Осознав это, Симоненко схватил свою отставленную стопку, опрокинул в могучее горло и посмотрел на Инну жалобно – он-то как раз и остался сиротой. Дни его карьерного процветания сочтены, никому он не нужен, старый «кадровик», «волк», «зубр», не то что какую-то там собаку, мамонта съевший на аппаратной работе!

– Я свяжусь с вами позже, – пообещала безжалостная Инна телефону «Нокия».

– Какое еще расследование, – бормотал рядом Симоненко. – Ты, Инна Васильевна, остереглась бы… Расследование!.. На поминках негоже…

Чей-то взгляд сверлил ей голову, она чувствовала, как будто видела это сверло, блестящее и острое, и видела, куда оно входит – в скулу, разгоревшуюся от трубки. Она быстро, внимательно и незаметно осмотрела зал. Симоненко топтался рядом и ныл, и его нытье было ей на руку – она могла смотреть почти беспрепятственно.

Ничего. Никто не таращился, не пригибался к плечу соседа, не прятался за зелеными шторами. Но сверло не исчезало, продолжало буравить скулу и щеку.

Что за черт!

Она завертела головой, уже почти в открытую, и опять безрезультатно. Посмотреть наверх она не догадалась.

Там, где лестница заканчивалась небольшой закругленной площадкой, их было трое – задержавшихся после отъезда московского начальства. Они должны были кое-что обсудить, именно здесь и сейчас, не привлекая к себе ничьего внимания. Один из них был вице-премьер, «самый-самый», второй – чиновник администрации президента с труднопроизносимой должностью – впрочем, редко кому приходило в голову ее произносить, все и так знали, что этот чиновник один из главных. Третий – бизнесмен со сложной и неопределенной репутацией, то есть как раз из тех, кого Гарик Брюстер, вздыхая и отводя глаза от страха, называл в своей программе олигархами.

Все трое сошлись в одной точке – на лестничной площадке дома покойного Мухина, – объединенные некоей общей задачей, и чувствовали себя неловко в обществе друг друга.

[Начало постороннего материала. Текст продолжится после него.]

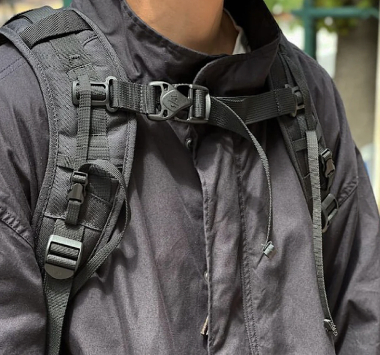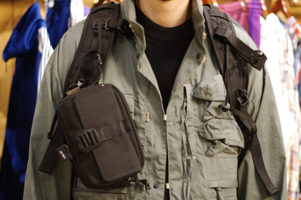 ショルダーにはサコッシュや、ポーチなど取り付けられるMOUNTING T SYSTEMを搭載。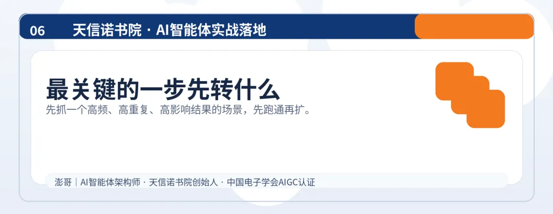 最关键的一步,不是一下子做很多,而是先从一个高频、高重复、高影响结果的场景开始。老板可以先做会议纪要和经营复盘,个人IP可以先做内容选题与表达分身,企业可以先做知识库智能体。先把一个点打透,你就会真正理解什么叫“从工具到智能体”。天信诺书院一直主张先做能见结果的场景,再慢慢扩成系统,这样最稳,也最不容易走弯路。

Пауза затягивалась, и наконец чиновник не выдержал:

– Ты кого там высматриваешь, Александр Петрович?

Широченные борцовские плечи под безупречным английским пиджаком дрогнули и опять окаменели.

– Хороша, – оценил вице-премьер негромко. – Очень хороша. Безрассудна, конечно, зато умна.

– Селиверстова? – живо переспросил чиновник. – Крепкий орешек. Я с ней пару раз… беседовал.

– Я тоже беседовал, – поддержал вице-премьер, – еще в пору ее телевизионного детства.

– Ничего себе детство, – пробормотал чиновник, – зампред российского телевидения!.. А ты что скажешь, Александр Петрович?

На этот раз даже плечи не дрогнули.

– Ничего не скажу. Я ее первый раз вижу.

Инна догадалась посмотреть наверх, лишь когда сверло словно выскочило из щеки, оставив только горячий след. Она потрогала щеку и ухо с черной жемчужиной в россыпи бриллиантов, а потом подняла глаза.

Никого не было на лестничной площадке, но она почему-то твердо знала – за секунду до этого там стоял тот, кто рассматривал ее так упорно и пристально.

Жаль, что она раньше не догадалась посмотреть.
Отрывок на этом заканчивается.